Exercise objective ▸
Copy all the entries below exactly, but not the pictures.

Given records ▸

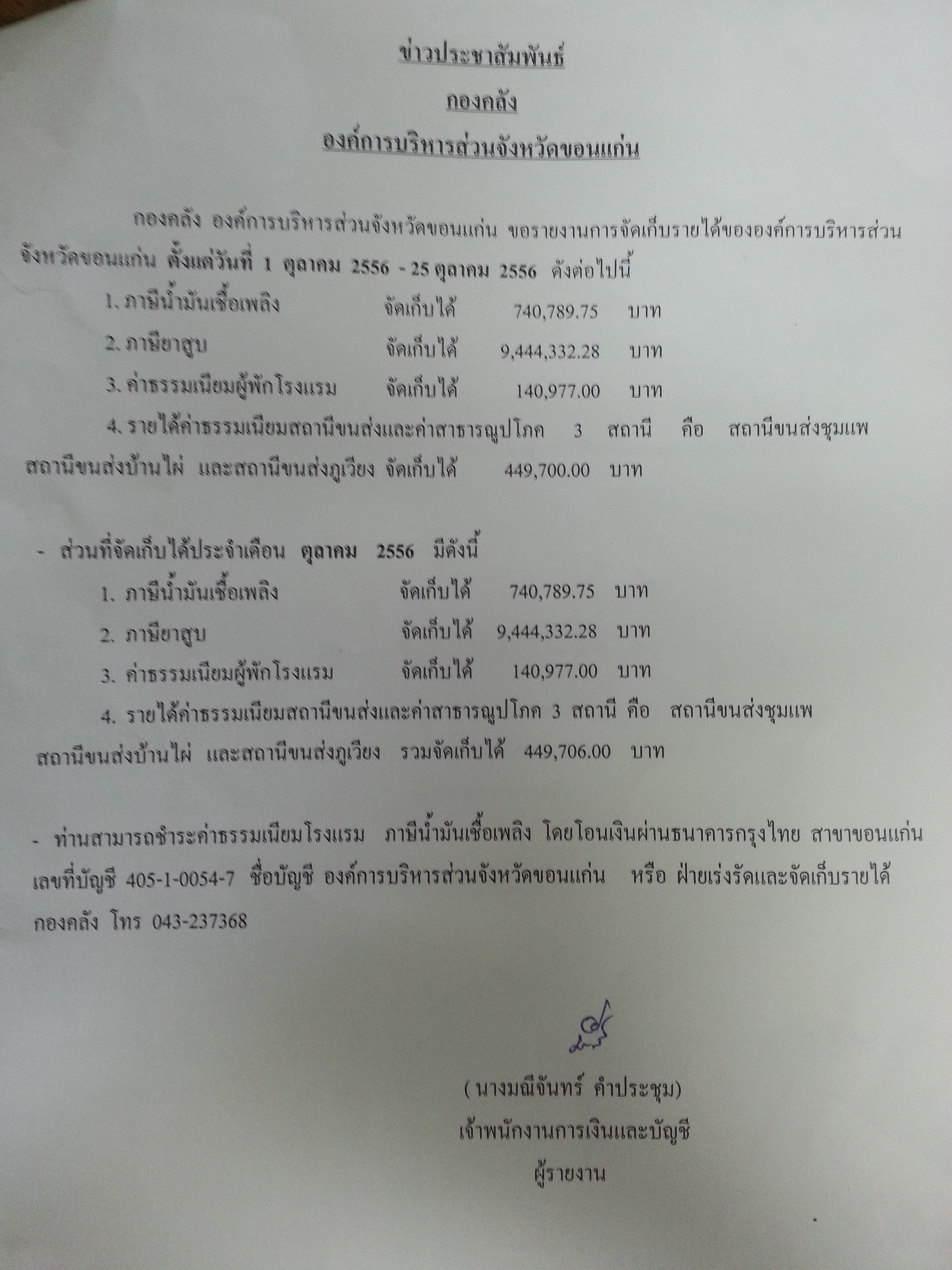 การจัดเก็บรายได้ขององค์การบริหารส่วนจังหวัดขอนแก่น ประจำเดือน ตุลาคม 2556
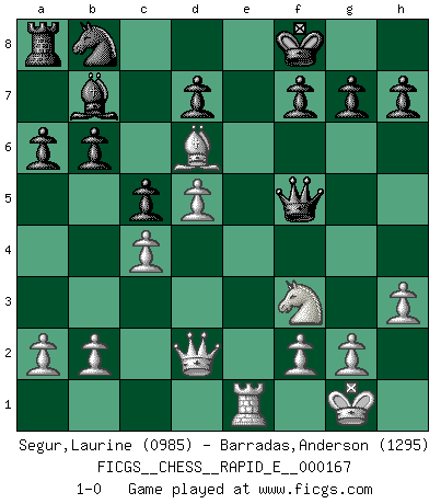 Last move : 1-0 2016 February 27 23:18:1 [Event "FICGS__CHESS__RAPID_E__000167"] [Site "FICGS"] [Date "2016.01.17"] [Round "1"] [White "Segur,Laurine"] [Black "Barradas,Anderson"] [Result "1-0"] [WhiteElo "0985"] [BlackElo "1295"] 1.e4 c5 2.Nc3 e6 3.Nf3 a6 4.d4 b6 5.Be3 Bb7 6.d5 Bd6 7.Qd2 Ne7 8.Be2 Qc7 9.Rd1 exd5 10.exd5 O-O 11.O-O Ng6 12.Ne4 Ne7 13.c4 Re8 14.Nxd6 Qxd6 15.Bf4 Qg6 16.Bd3 Qh5 17.h3 Nf5 18.Rfe1 Rxe1+ 19.Rxe1 Kf8 20.Bxf5 Qxf5 21.Bd6+ 1-0 Sicilian : Closed Kingside Castling by player Black (move 10) Kingside Castling by player White (move 11) Player White won this chess game. Follow this game move after move (download)Help your pieces so they can help you. (Paul Morphy) Viele Opfer benötigen überhaupt keine konkrete Berechnung. Es genügt sich die entstehende Position kurz vorzustellen, um uns davon zu überzeugen, dass das Opfer korrekt ist. (Mikhail Nekhemyevich Tal) Mi estilo es algo parecido entre un poco de Tal y Petrosian. (Reshevsky) Demandez au pauvre Cg1 ce qu'il en pense. Eduard Gufeld à propos de la variante Saemisch de l'Est-Indienne. Every now and then a man's mind is stretched by a new idea and never shrinks back to its former dimensions. (Oliver Wendell Holmes, Sr.)
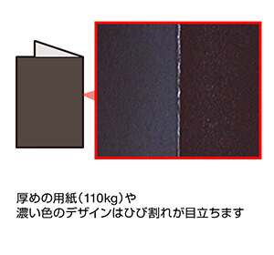 - 厚めの用紙(110kg、135kg)や濃い色のデザインの場合、折り加工部分のひび割れが目立ちます。 紙割れについての注意点
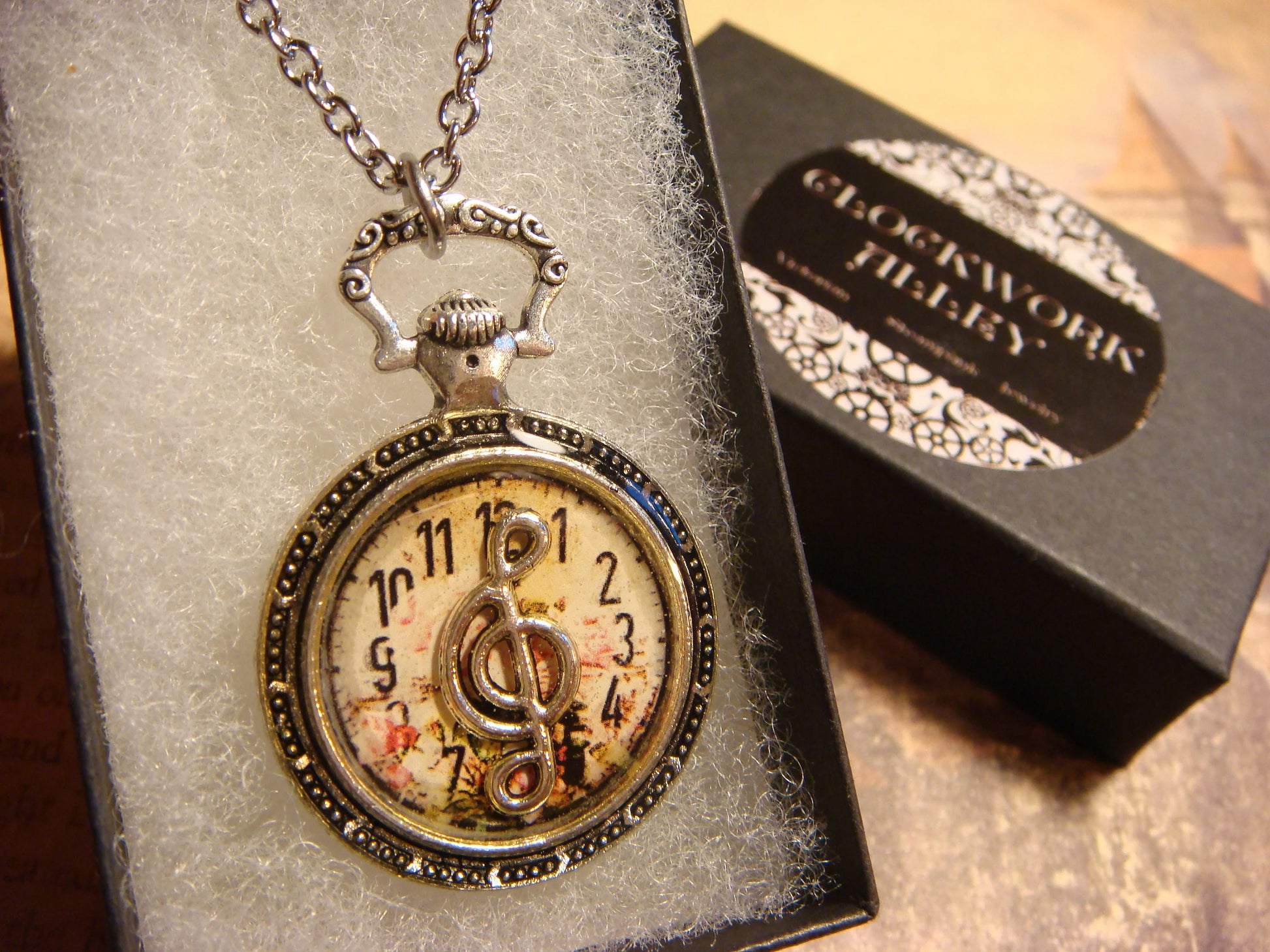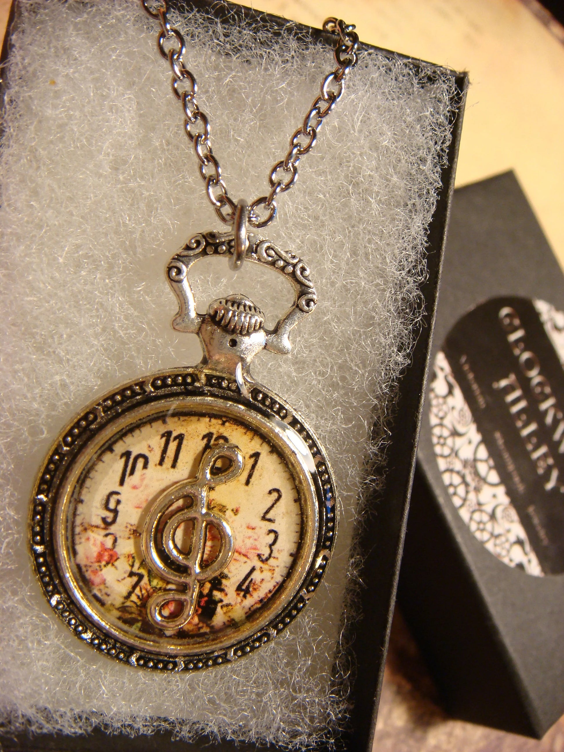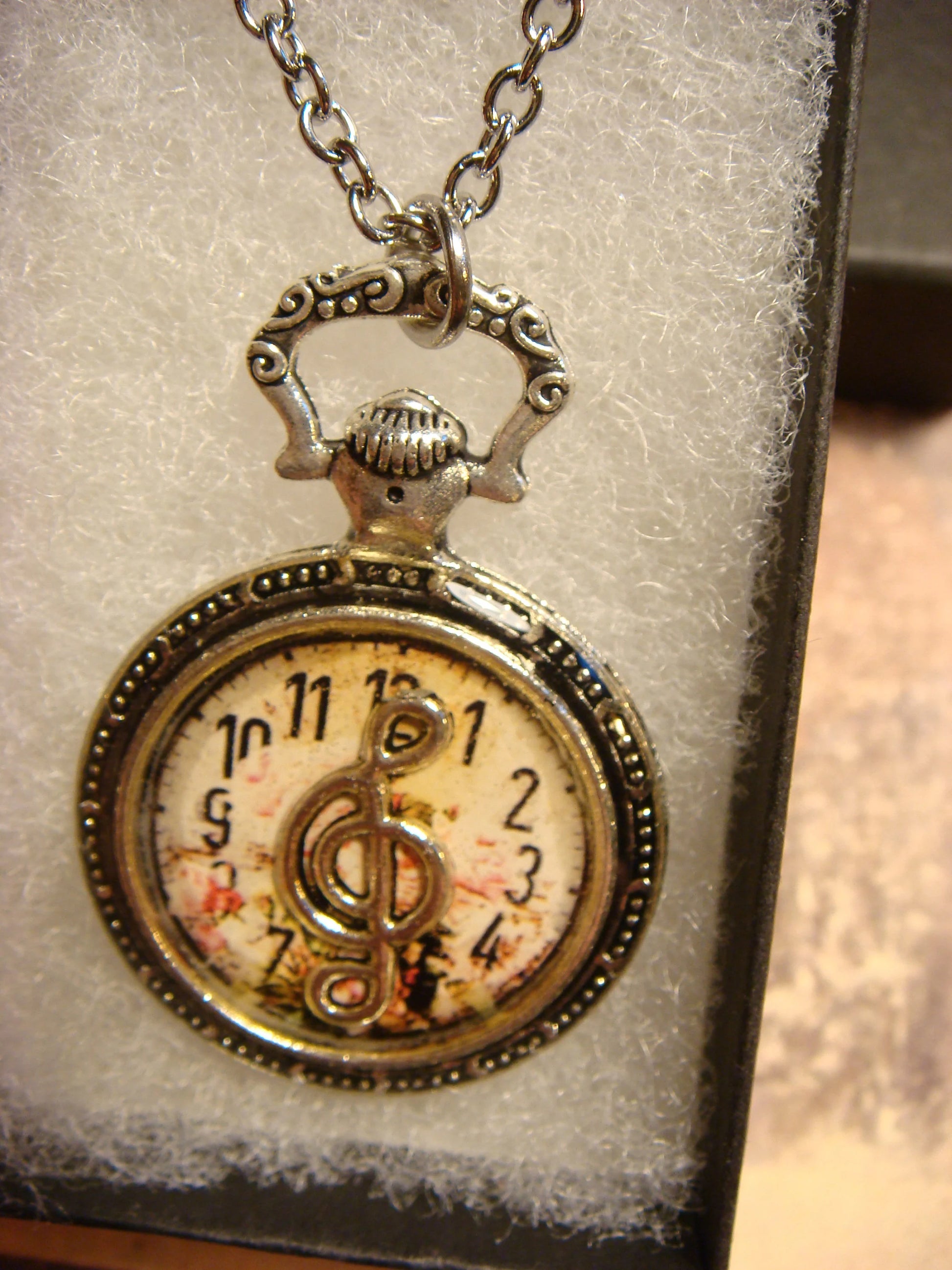 This beautiful necklace features an antique silver treble clef over the image of a floral clock and encased with jewelers grade resin in a small antique silver pocket watch setting.
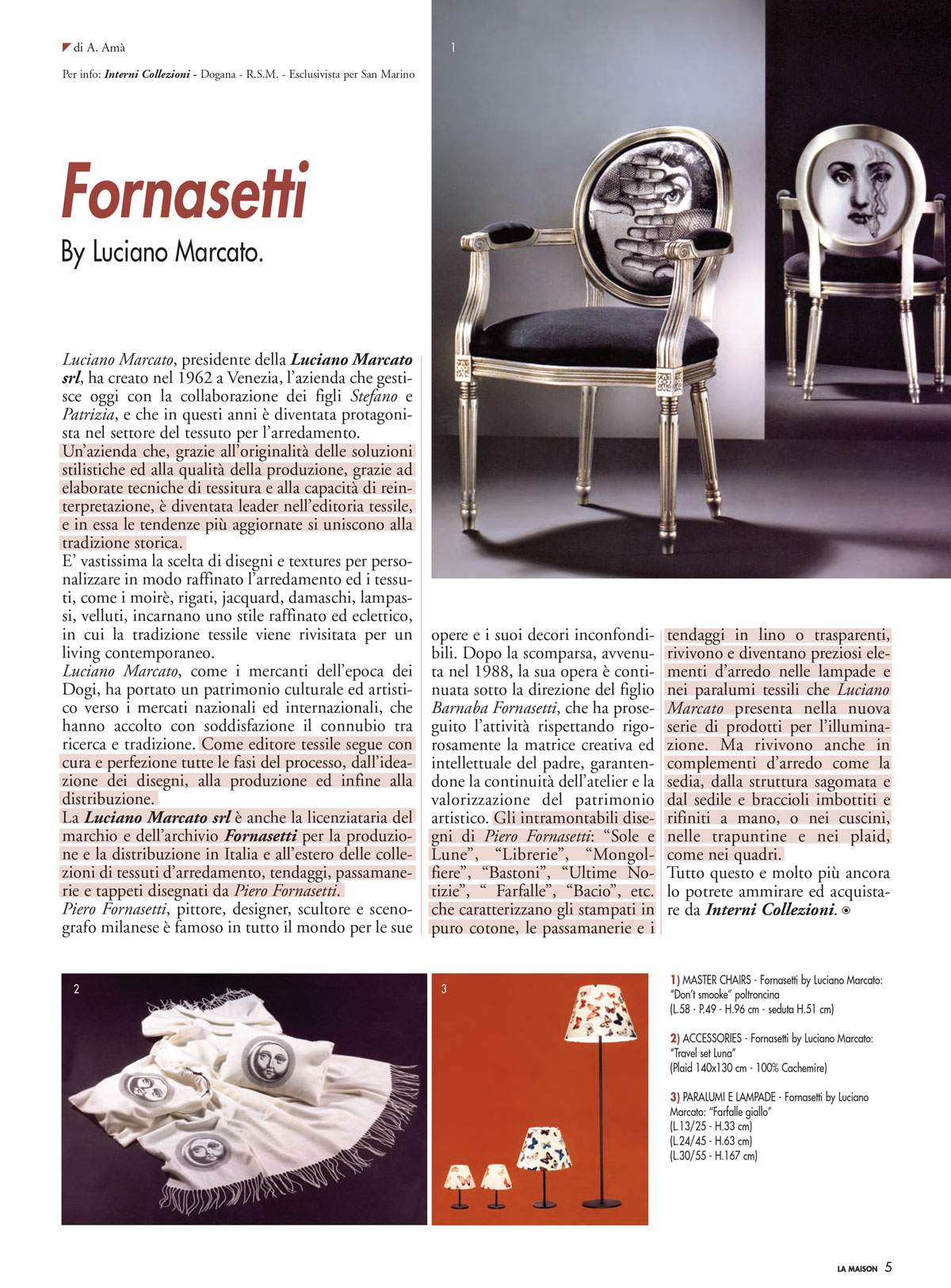 Gli intramontabili disegni di Piero Fornasetti: “Sole e Lune”, “Librerie”, “Mongolfiere”, “Bastoni”, “Ultime Notizie”, “ Farfalle”, “Bacio”, etc. che caratterizzano gli stampati in puro cotone, le passamanerie e i tendaggi in lino o trasparenti, rivivono e diventano preziosi elementi d’arredo nelle lampade e nei paralumi tessili che Luciano Marcato presenta nella nuova serie di prodotti per l’illuminazione. Ma rivivono anche in complementi d’arredo come la sedia, dalla struttura sagomata e dal sedile e braccioli imbottiti e rifiniti a mano, o nei cuscini, nelle trapuntine e nei plaid, come nei quadri. Tutto questo e molto più ancora lo potrete ammirare ed acquistare da Interni Collezioni.
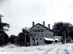 When the Boston and Worcester Railroad reached West Newton in April 1834, the hotel served as the line's first terminal, and as a transfer point to stagecoaches until the railroad was extended to Worcester the next year.[3] It was known as the Railroad Hotel and Terminal Hotel thereafter, even after the B&W built a dedicated station nearby.[2]
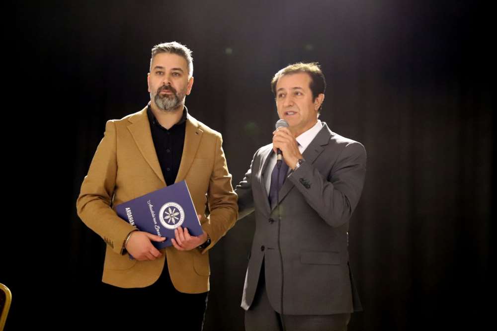 Üniversitemiz Güzel Sanatlar Fakültesi Türk Müziği Bölümü tarafından düzenlenen “Kadim Ezgilerin İzinde – Bağlama Resitali” bugün Hoca Ahmet Yesevi Konferans Salonu’nda icra edildi. Programa; Rektörümüz Prof. Dr. Öztürk Emiroğlu,akademik ve idari personelimiz, öğrencilerimiz ve davetliler katıldı. Dr. Öğr. Üyesi Kemal Özavcı tarafından icra edilen resitalde Anadolu müzik geleneğinin seçkin eserleri bağlama icrasının özgün teknikleriyle dinleyicilere sunuldu. Sanatçı, geleneksel ezgileri müzikolojik bir perspektifle yorumlayarak salonda nitelikli bir sanat atmosferi oluşturdu. Program sonunda Rektörümüz, resitale katkılarından dolayı Dr. Öğr. Üyesi Kemal Özavcı’ya teşekkür belgesi takdim etti.
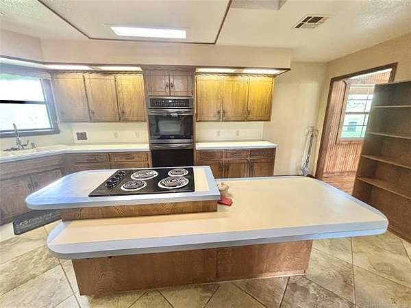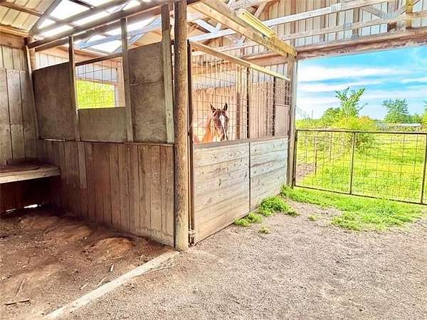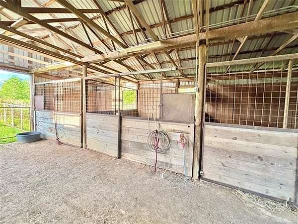 Escape to the country with this versatile 10-acre property located in the desirable Crossroads area of Stigler, Oklahoma. Formerly set up as a horse property, this well-equipped tract offers everything you need to step right into ranch-style living. The spacious home features 3 bedrooms and 3 bathrooms, offering plenty of room to spread out. With its durable metal roof, attractive rock veneer exterior, and attached two-car garage, the home combines function with curb appeal. Enjoy quiet mornings and relaxing evenings on the covered front porch or unwind on the covered back patio overlooking the property. Equestrian enthusiasts will appreciate the impressive 40x60 horse barn, complete with approximately 6 stalls with individual turnouts, a tack room, and dedicated hay/feed storage. Additional improvements include a loafing shed, multiple fenced pastures for rotational grazing or turnout, and a round pen-making this property well-suited for training, boarding, or personal use. Whether you're looking to run horses, start a small operation, or simply enjoy wide-open space with room to grow, this property offers endless potential in a peaceful country setting.

Response for this exercise ▸
 การจัดเก็บรายได้ขององค์การบริหารส่วนจังหวัดขอนแก่น ประจำเดือน ตุลาคม 2556
 Last move : 1-0 2016 February 27 23:18:1 [Event "FICGS__CHESS__RAPID_E__000167"] [Site "FICGS"] [Date "2016.01.17"] [Round "1"] [White "Segur,Laurine"] [Black "Barradas,Anderson"] [Result "1-0"] [WhiteElo "0985"] [BlackElo "1295"] 1.e4 c5 2.Nc3 e6 3.Nf3 a6 4.d4 b6 5.Be3 Bb7 6.d5 Bd6 7.Qd2 Ne7 8.Be2 Qc7 9.Rd1 exd5 10.exd5 O-O 11.O-O Ng6 12.Ne4 Ne7 13.c4 Re8 14.Nxd6 Qxd6 15.Bf4 Qg6 16.Bd3 Qh5 17.h3 Nf5 18.Rfe1 Rxe1+ 19.Rxe1 Kf8 20.Bxf5 Qxf5 21.Bd6+ 1-0 Sicilian : Closed Kingside Castling by player Black (move 10) Kingside Castling by player White (move 11) Player White won this chess game. Follow this game move after move (download)Help your pieces so they can help you. (Paul Morphy) Viele Opfer benötigen überhaupt keine konkrete Berechnung. Es genügt sich die entstehende Position kurz vorzustellen, um uns davon zu überzeugen, dass das Opfer korrekt ist. (Mikhail Nekhemyevich Tal) Mi estilo es algo parecido entre un poco de Tal y Petrosian. (Reshevsky) Demandez au pauvre Cg1 ce qu'il en pense. Eduard Gufeld à propos de la variante Saemisch de l'Est-Indienne. Every now and then a man's mind is stretched by a new idea and never shrinks back to its former dimensions. (Oliver Wendell Holmes, Sr.)
 - 厚めの用紙(110kg、135kg)や濃い色のデザインの場合、折り加工部分のひび割れが目立ちます。 紙割れについての注意点
 This beautiful necklace features an antique silver treble clef over the image of a floral clock and encased with jewelers grade resin in a small antique silver pocket watch setting.
 Gli intramontabili disegni di Piero Fornasetti: “Sole e Lune”, “Librerie”, “Mongolfiere”, “Bastoni”, “Ultime Notizie”, “ Farfalle”, “Bacio”, etc. che caratterizzano gli stampati in puro cotone, le passamanerie e i tendaggi in lino o trasparenti, rivivono e diventano preziosi elementi d’arredo nelle lampade e nei paralumi tessili che Luciano Marcato presenta nella nuova serie di prodotti per l’illuminazione. Ma rivivono anche in complementi d’arredo come la sedia, dalla struttura sagomata e dal sedile e braccioli imbottiti e rifiniti a mano, o nei cuscini, nelle trapuntine e nei plaid, come nei quadri. Tutto questo e molto più ancora lo potrete ammirare ed acquistare da Interni Collezioni.
 When the Boston and Worcester Railroad reached West Newton in April 1834, the hotel served as the line's first terminal, and as a transfer point to stagecoaches until the railroad was extended to Worcester the next year.[3] It was known as the Railroad Hotel and Terminal Hotel thereafter, even after the B&W built a dedicated station nearby.[2]
 Üniversitemiz Güzel Sanatlar Fakültesi Türk Müziği Bölümü tarafından düzenlenen “Kadim Ezgilerin İzinde – Bağlama Resitali” bugün Hoca Ahmet Yesevi Konferans Salonu’nda icra edildi. Programa; Rektörümüz Prof. Dr. Öztürk Emiroğlu,akademik ve idari personelimiz, öğrencilerimiz ve davetliler katıldı. Dr. Öğr. Üyesi Kemal Özavcı tarafından icra edilen resitalde Anadolu müzik geleneğinin seçkin eserleri bağlama icrasının özgün teknikleriyle dinleyicilere sunuldu. Sanatçı, geleneksel ezgileri müzikolojik bir perspektifle yorumlayarak salonda nitelikli bir sanat atmosferi oluşturdu. Program sonunda Rektörümüz, resitale katkılarından dolayı Dr. Öğr. Üyesi Kemal Özavcı’ya teşekkür belgesi takdim etti.
 Escape to the country with this versatile 10-acre property located in the desirable Crossroads area of Stigler, Oklahoma. Formerly set up as a horse property, this well-equipped tract offers everything you need to step right into ranch-style living. The spacious home features 3 bedrooms and 3 bathrooms, offering plenty of room to spread out. With its durable metal roof, attractive rock veneer exterior, and attached two-car garage, the home combines function with curb appeal. Enjoy quiet mornings and relaxing evenings on the covered front porch or unwind on the covered back patio overlooking the property. Equestrian enthusiasts will appreciate the impressive 40x60 horse barn, complete with approximately 6 stalls with individual turnouts, a tack room, and dedicated hay/feed storage. Additional improvements include a loafing shed, multiple fenced pastures for rotational grazing or turnout, and a round pen-making this property well-suited for training, boarding, or personal use. Whether you're looking to run horses, start a small operation, or simply enjoy wide-open space with room to grow, this property offers endless potential in a peaceful country setting.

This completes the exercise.